God in the Garden

Hey all. I know it’s been ages since I last wrote–school and a significant health issue have eaten up all my free time, and then some. I’m back, but only sort of. Today, I’m posting a section from a paper I just wrote concerning the Trinity. Since I’m not a huge fan of classical theology, and I bet a lot of you aren’t either, I decided to give you a taste of a different understanding of the Trinity. Enjoy!

As a person who has a deep theological persuasion towards connection to the created world, it seems rather natural (at least to me) that my understanding of the Trinity would utilize an agricultural metaphor. Instead of using terms like “Father,” “Son,” and “Holy Spirit,” which I find to be somewhat restricting, arcane, and oppressive, I have chosen the terms “Creator,” “Gardener,” and “Harvester,” respectively. One may think of the plant being tended by this Trinity as many things, from the broad—all life—to the specific—a given individual or, perhaps (for the purposes of this response), congregation. I will address them in this order based on functional chronological process, not any form of hierarchy or preference.

The first of these, the Creator, is the one who builds the environment in which life may flourish.

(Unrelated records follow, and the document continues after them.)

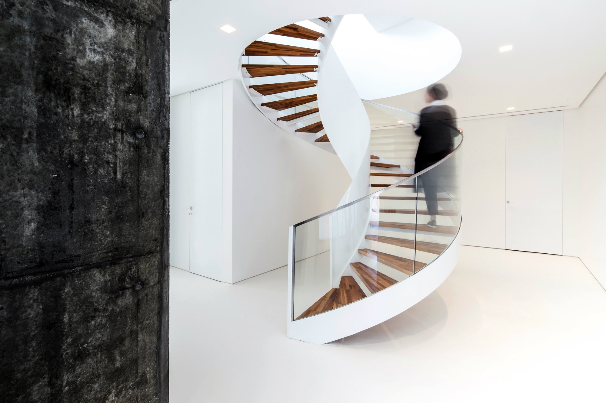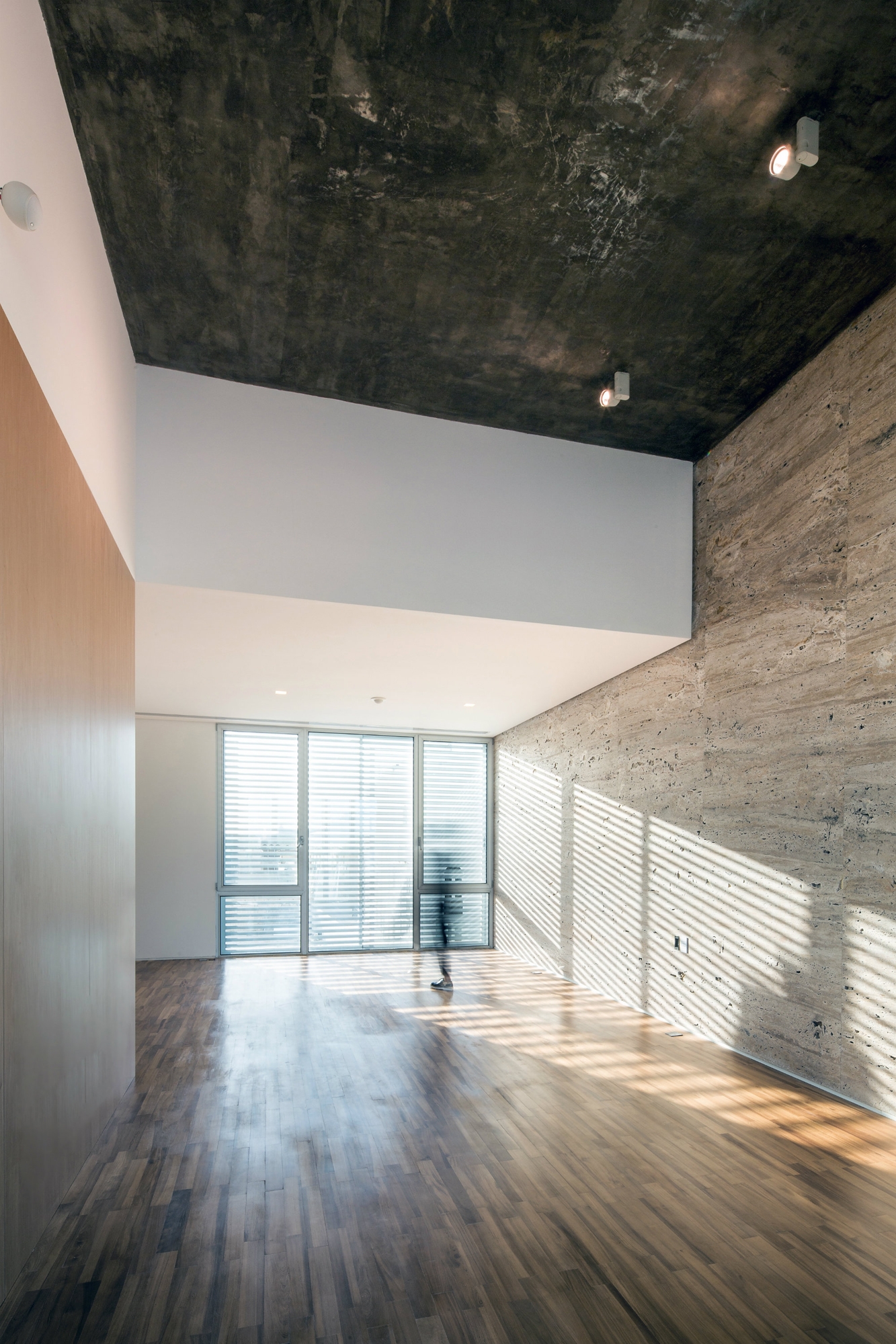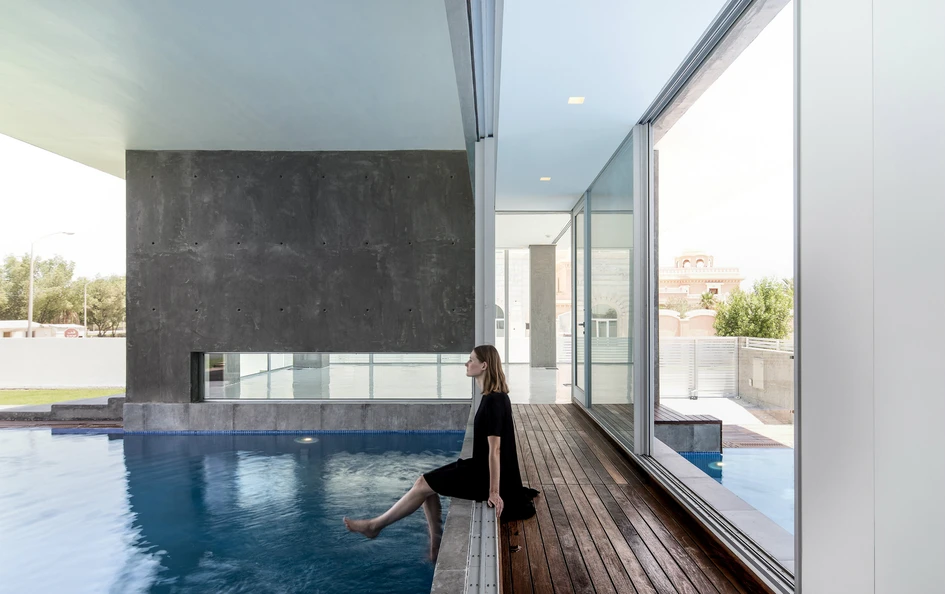 The first floor houses the private living quarters and is lit by panoramic windows on both sides. Aluminum louvers and deep recessed balconies offer effective sun-protection and mitigate the heat gain due to the large window openings. An austere palette of white plaster, exposed concrete and white epoxy flooring gives the social spaces a sense of ethereal openness reminiscent of an art gallery. The first floor on the other hand features solid teak wood and rough-cut travertine cladding giving the living spaces a warmer texture.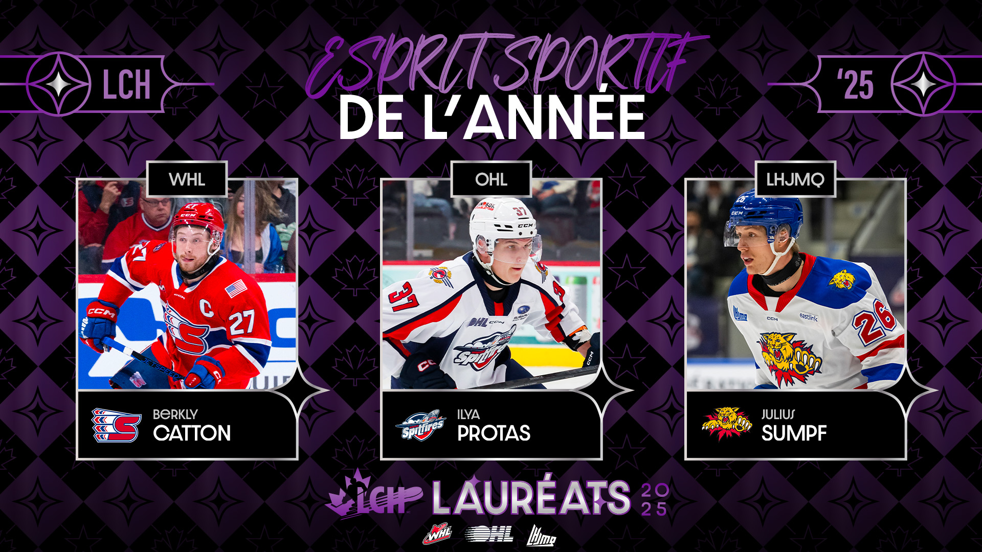 Catton, Protas et Sumpf nommés finalistes pour le Prix de l’Esprit sportif de la LCH pour la saison 2024–2025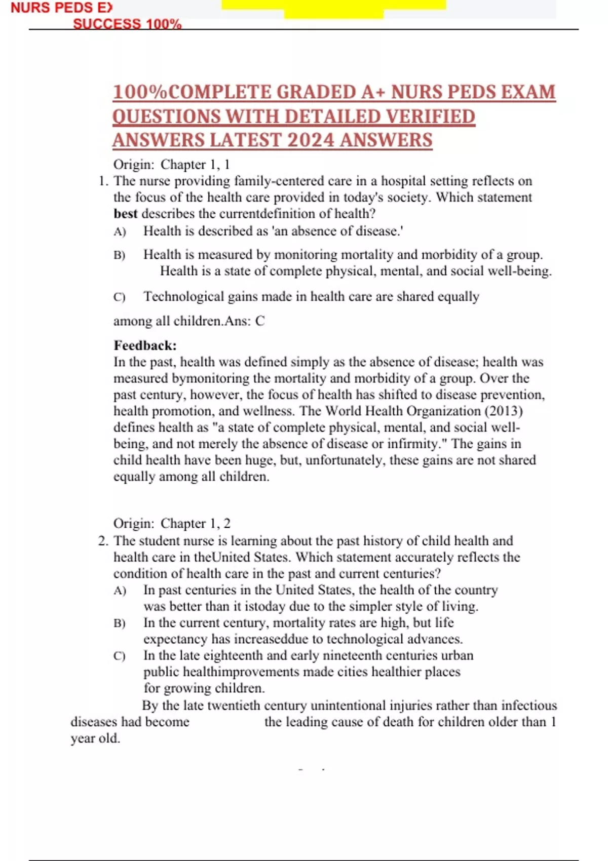 NURS PEDS EXAM QUESTIONS WITH ANSWERS 2024 A+ GUARANTEED SUCCESS 100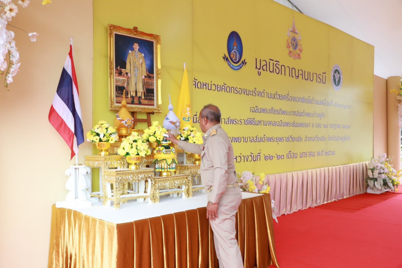 นายสุคนธ์ หนูภักดี รองผู้ว่าราชการจังหวัดสุราษฎร์ธานี เป็นประธานในพิธีเปิดโครงการคัดกรองมะเร็งเต้านมโดยเครื่องเอกซเรย์เต้านมเคลื่อนที่ (Mammogram) ในสตรีกลุ่มเสี่ยงและด้อยโอกาส 4 หน่วย 4 ภาค ทั่วประเทศ เฉลิมพระเกียรติพระบาทสมเด็จพระเจ้าอยู่หัว เนื่องในโอกาสพระราชพิธีมหามงคล เฉลิมพระชนมพรรษา 6 รอบ 28 กรกฎาคม 2567 พร้อมด้วยผู้แทนมูลนิธิกาญจนบารมี นายแพทย์สาธารณสุขจังหวัดสุราษฎร์ธานี ผู้อำนวยการโรงพยาบาลสมเด็จพระยุพราชเวียงสระหัวหน้าส่วนราชการ ประชาชน เข้าร่วมในพิธี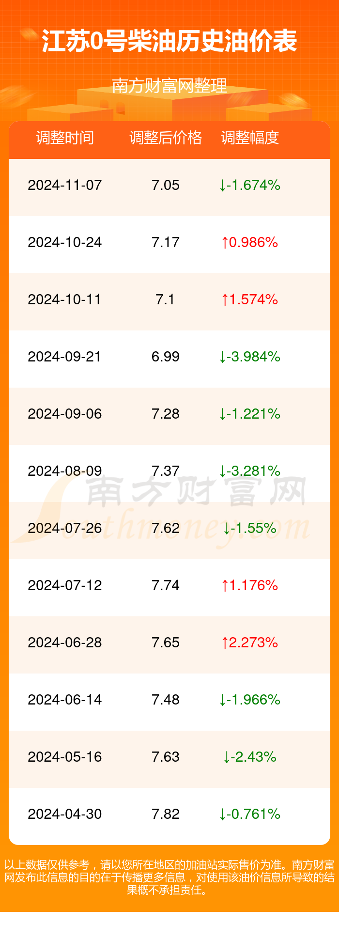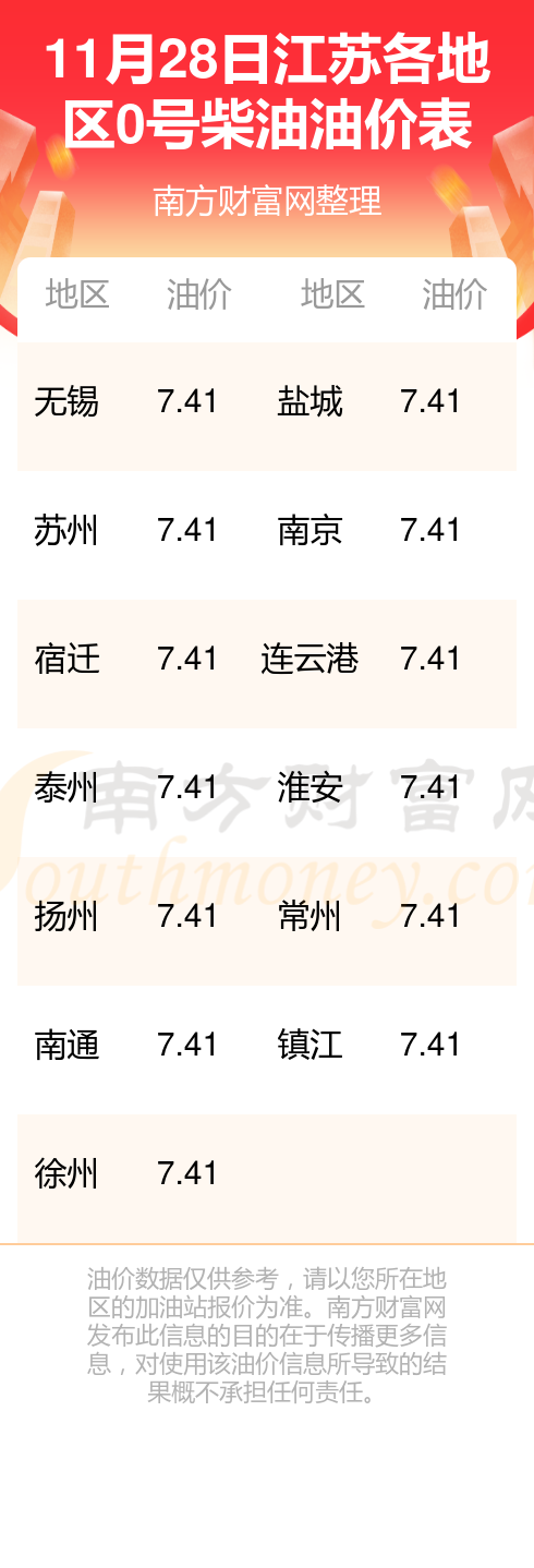 江苏0号柴油11月28日最新价格是7.05元每升,本轮油价调整时间是11月7日,对比上次共减了0.12元,减1.674%。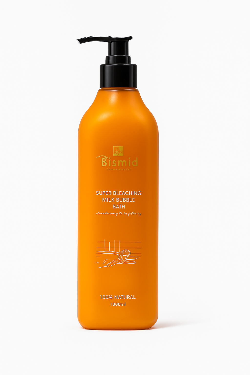 Transform your bath time into a luxurious skincare ritual with Bismid Super Bleaching Bubble Milk Bath. This indulgent body wash is enriched with natural milk, sweet almond oil, and vitamins, creating a creamy lather that gently cleanses while supporting the appearance of radiant, smoother, and more even-looking skin.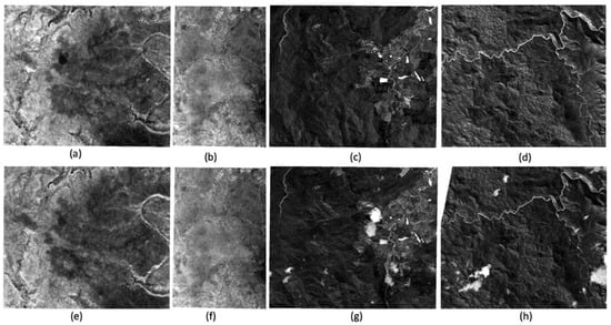 Results of the Eucalypt chlorophyll-b reflectance ratio (ECBRR) calculations shown with a gradient color scale from white (low) to black (high). Panels (a–d) show Sentinel-2 imagery. Panels (e–h) show Planet imagery. (a) All-eucalypt site ECBRR results Sentinel-2A imagery. (b) All-eucalypt mid-dense site ECBRR results Sentinel-2B imagery. (c) Mixed eucalypt site ECBRR results Sentinel-2A imagery. (d) Non-eucalypt site ECBRR results Sentinel-2B imagery. (e) All-eucalypt site ECBRR results Planet imagery. (f) All-eucalypt mid-dense site ECBRR results Planet imagery. (g) Mixed eucalypt site ECBRR results Planet imagery. (h) Non-Eucalypt site ECBRR results Planet imagery.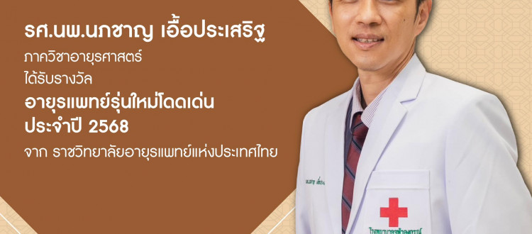 28 มิ.ย. 2025 รศ.นพ.นภชาญ เอื้อประเสริฐ ภาควิชาอายุรศาสตร์ ได้รับรางวัลอายุรแพทย์รุ่นใหม่โดดเด่น ประจำปี 2568 (เกียรติภูมิแพทย์จุฬาฯ) /Tags#mdcu, chula, chulalongkorn, medicine, คณะแพทยศาสตร์จุฬาลงกรณ์มหาวิทยาลัย, คณะแพทยศาสตร์จุฬาฯ, คณะแพทย์จุฬาฯ, เกียรติภูมิแพทย์จุฬาฯ, แพทย์จุฬาฯ กลับไปหน้าข่าวประชาสัมพันธ์

In this metaphor, the Creator articulates the rhythms of the Sun and Moon, sets in motion the patterns of the weather, providing essential sunshine, rain, temperature, and the like, and tills the soil and fills it with nutrients. Though one could make these claims literally of God, I intend them metaphorically. The Creator is about origins, or, to put it differently, is the source of life and the provider of the necessary elements by which such life may be sustained.

The second person in this Trinity is the Gardener, who cultivates life in the environment crafted by the Creator. The Gardener plants the seeds, tends to the sprouts, waters and fertilizes them, weeds the garden, provides stakes and trellises when necessary, and, overall, helps the plants to grow to their full potential. This role requires intimate connection with the plants. This means that the Gardener is, essentially, the one who teaches and guides the plants and provides them with the sustenance they need.

The Harvester, then, is the third person in this Trinity. I am sure this appears to be quite an odd title for such a being, and thus I must clarify, the act of harvesting in this metaphor is not an entirely accurate mirror image of the act of harvesting completed by actual farmers. The Harvester is not taking the fruit of the plants and selling it for a profit, or even using it as personal sustenance, but is rather helping it to fulfill its purpose. Fruit that stays on the vine is not doing much good, and will eventually rot without ever having nourished a single being. The Harvester takes that which has been cultivated by the Gardener and puts it to work in the world, or, rather, the Harvester is about commission, sending that which has been brought to fruition in the plants out to where it will be of the best use.

I am aware that this appears to be rather modalistic, but I would counter this critique by stating that it is not really possible to explain Trinitarian mathematics in any way that does not push the bounds of modalism, subordinationism, or Unitarianism. Thus, I have made my best attempt to develop some semblance of a working theology, a process that is by no means complete. The picture given here is a snapshot of where I am in this process, flaws and problems included. As a final note in this train of thought, I would like to press the point that while these three roles are distinct, I have yet to meet a farmer or gardener who does not fill each of these roles at some point in the fertile season. The three roles are indeed one person.

Please note that any phrases that seem out of place are likely connected to other parts of the paper or the class itself. I am happy to clarify if necessary.